WORK REQUEST: Copy exactly every line below, from the first through the one that contains "连日来,校医院全体员工全天候", and skip all pictures.

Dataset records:

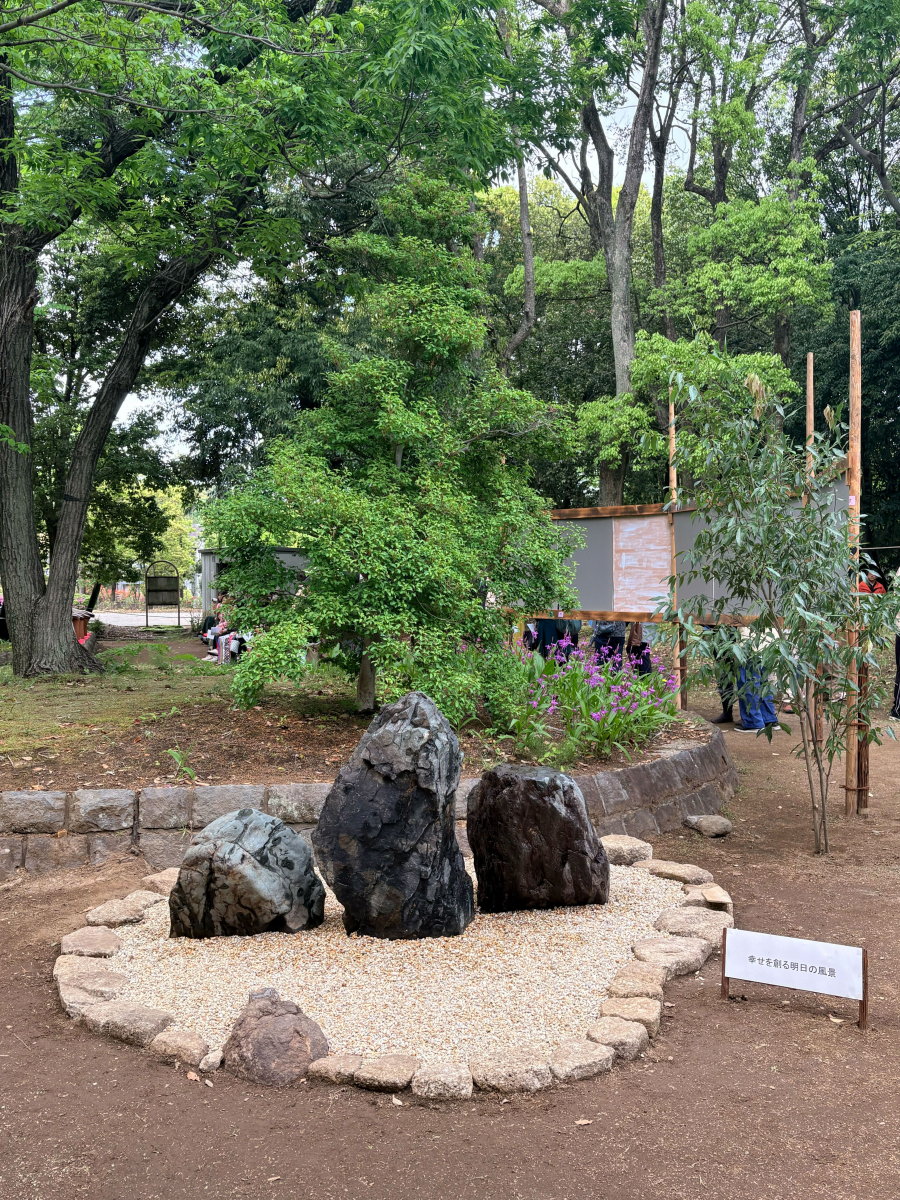 会場には、霧が丘緑舎のみなさんが手がけた創作庭が設えられ、訪れた人々を迎えてくれました。石組みとナナコ垣を組み合わせたその庭は、2027年国際園芸博覧会のテーマ「幸せを創る明日の風景」を表現したものだそうです。未来へ向けた庭づくりの一端を、地域でいち早く体験できる貴重な機会となりました。
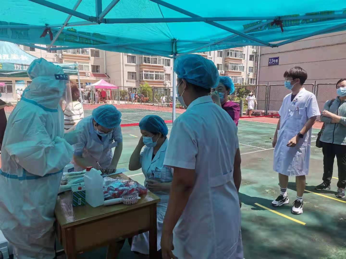 连日来,校医院全体员工全天候奋战在疫情防控一线,与相关职能部门工作人员一起,用坚守与奉献为烟大师生健康安全保驾护航。这其中,有在多个采集点轮流巡视,随时处理突发预警信息、调配相关物资的院长曲增欣、副院长丁洪新、医疗主任王淑珍;有负责将采集样本送至烟台市疾控中心进行检测,每次采集结束便立刻出发的医生段家麟;有家中孩子较小却舍小家为大家、全身心投入到疫情防控保卫战中的护士长谢艳妮、护士曹丽燕、检验科医生于巧;有身患高血压和糖尿病,不顾身体不适依旧坚守核酸检测岗位的护士韩林;有主动请缨和年轻医生一起全力做好留观区和居家隔离人员的医疗保障工作的50多岁的医生王丽华、谭青渠;有每隔一个小时对每个采集点的区域进行消毒,工作结束后还要对所有采集点进行彻底消毒的徐香琴、尹花荟……
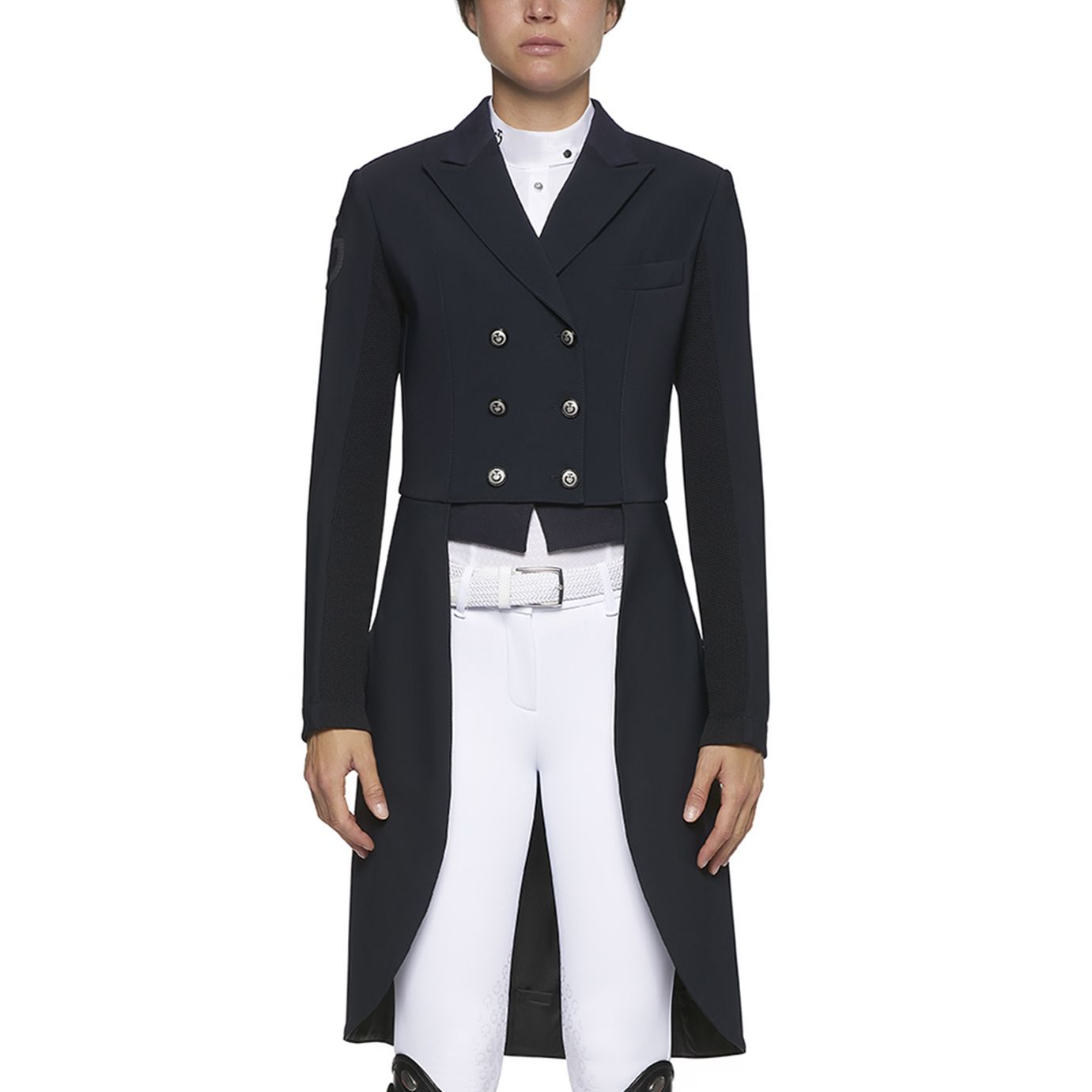 Cavalleria Toscana Tech Knit Frack är en exklusiv dressyrfrack framtagen för ryttare som vill kombinera klassisk elegans med modern funktionalitet. Fracken är tillverkad i ett tekniskt 4-vägsstretchmaterial som ger en följsam och bekväm passform utan att kompromissa med rörelsefriheten. Materialet är inte bara elastiskt, utan också andningsbart, snabbtorkande och vattenavvisande, vilket gör den idealisk även vid tävling i varmare klimat eller utmanande väderförhållanden.
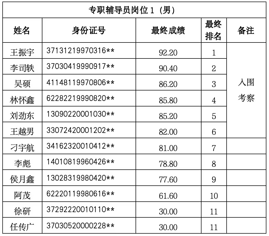 我校按照招聘岗位数1:1比例统一安排入围人员进行体检。
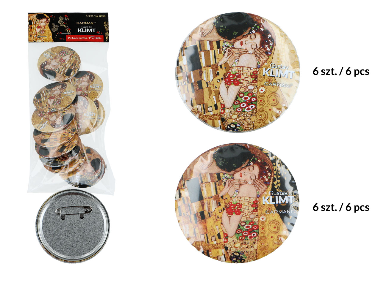 Kpl. 12 przypinek – G. Klimt, Pocałunek (CARMANI)
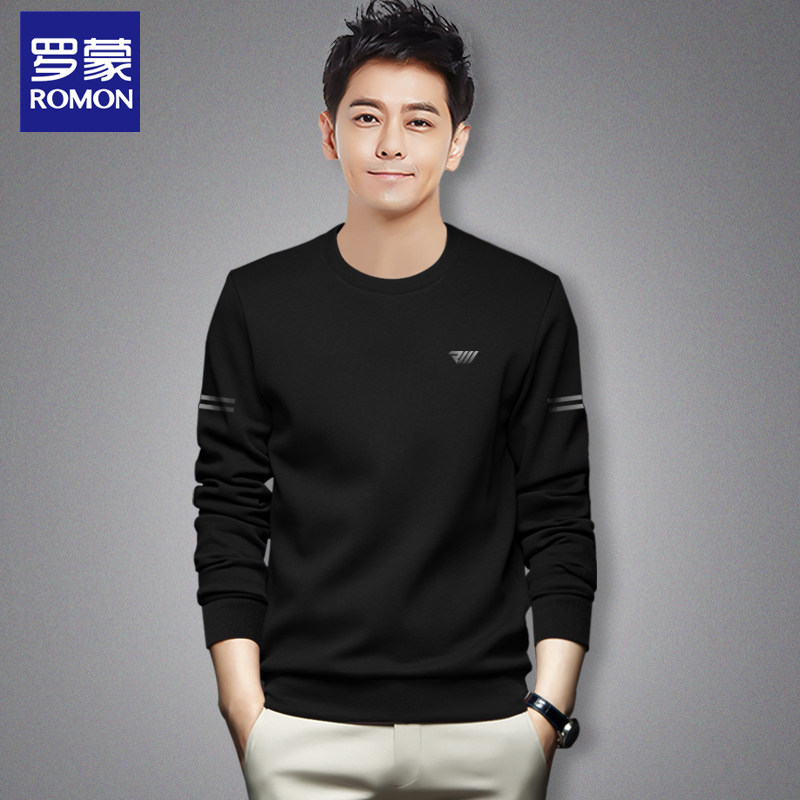 Romon/罗蒙XSX9202男士圆领卫衣男装新款简约修身休闲时尚套头T恤

TASK SOLUTION:
 会場には、霧が丘緑舎のみなさんが手がけた創作庭が設えられ、訪れた人々を迎えてくれました。石組みとナナコ垣を組み合わせたその庭は、2027年国際園芸博覧会のテーマ「幸せを創る明日の風景」を表現したものだそうです。未来へ向けた庭づくりの一端を、地域でいち早く体験できる貴重な機会となりました。
 连日来,校医院全体员工全天候奋战在疫情防控一线,与相关职能部门工作人员一起,用坚守与奉献为烟大师生健康安全保驾护航。这其中,有在多个采集点轮流巡视,随时处理突发预警信息、调配相关物资的院长曲增欣、副院长丁洪新、医疗主任王淑珍;有负责将采集样本送至烟台市疾控中心进行检测,每次采集结束便立刻出发的医生段家麟;有家中孩子较小却舍小家为大家、全身心投入到疫情防控保卫战中的护士长谢艳妮、护士曹丽燕、检验科医生于巧;有身患高血压和糖尿病,不顾身体不适依旧坚守核酸检测岗位的护士韩林;有主动请缨和年轻医生一起全力做好留观区和居家隔离人员的医疗保障工作的50多岁的医生王丽华、谭青渠;有每隔一个小时对每个采集点的区域进行消毒,工作结束后还要对所有采集点进行彻底消毒的徐香琴、尹花荟……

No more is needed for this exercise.